■ **What you have to do**: An exact reproduction of the listing, minus the pictures, is the required output.

■ **Information shown**:
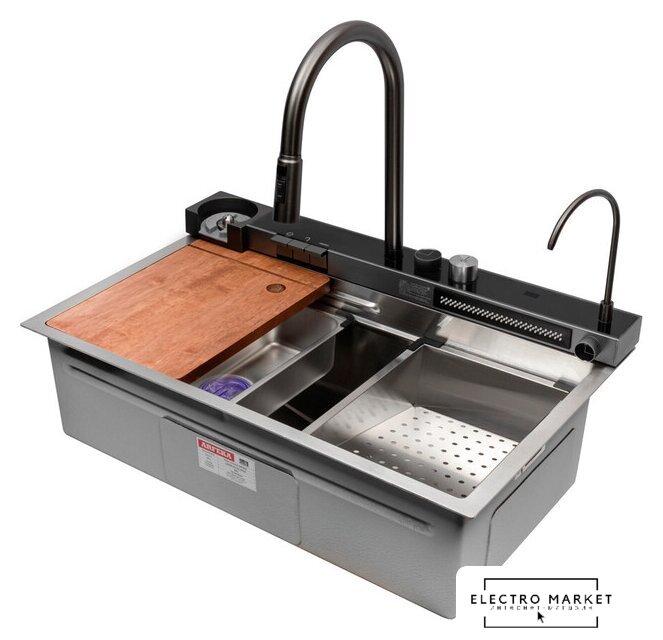 | Комплектация | смеситель, кран под фильтрованную воду, автоматический омыватель стакана (встроенный), коландер 2 шт, разделочная доска, сливная арматура, гарантийный талон, коробка |
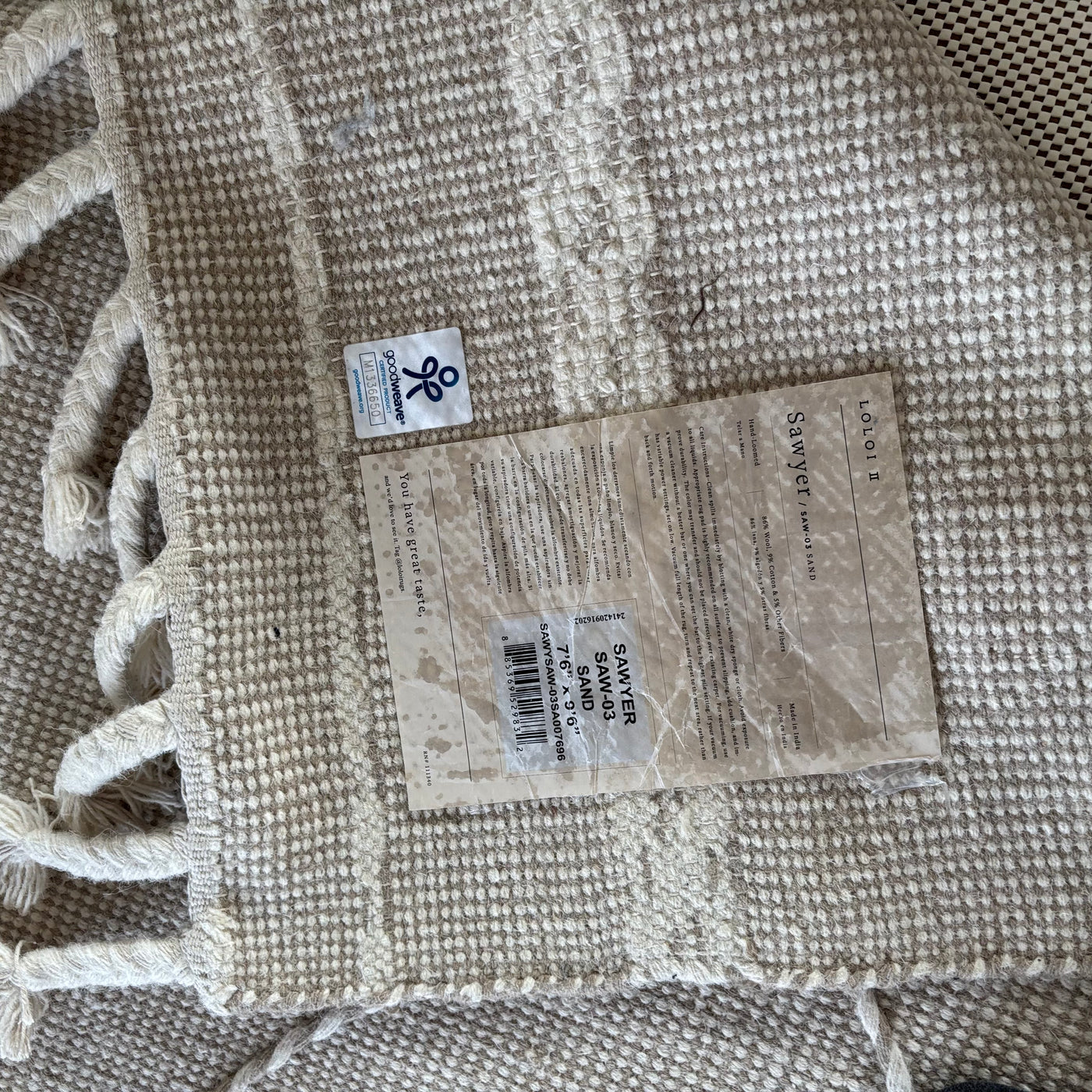 7’6” x 9’6” Sawyer Collection Wool/Cotton Area Rug in Sand with Underlay (Retail Value $650) - L354
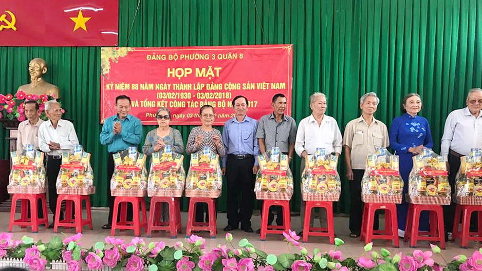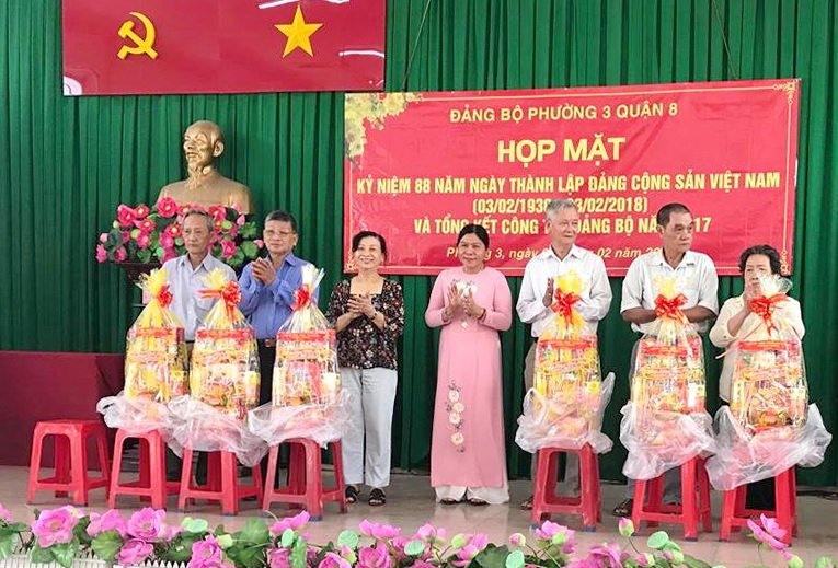 Đ/c: Hà Văn Lợi – UV Thường vụ - Trưởng ban Tổ chức Quận ủy Quận 8 (bìa phải, thứ sáu) trao quà tết cho các Đảng viên.

■ **Solution below**:
 | Комплектация | смеситель, кран под фильтрованную воду, автоматический омыватель стакана (встроенный), коландер 2 шт, разделочная доска, сливная арматура, гарантийный талон, коробка |
 7’6” x 9’6” Sawyer Collection Wool/Cotton Area Rug in Sand with Underlay (Retail Value $650) - L354
 Đ/c: Hà Văn Lợi – UV Thường vụ - Trưởng ban Tổ chức Quận ủy Quận 8 (bìa phải, thứ sáu) trao quà tết cho các Đảng viên.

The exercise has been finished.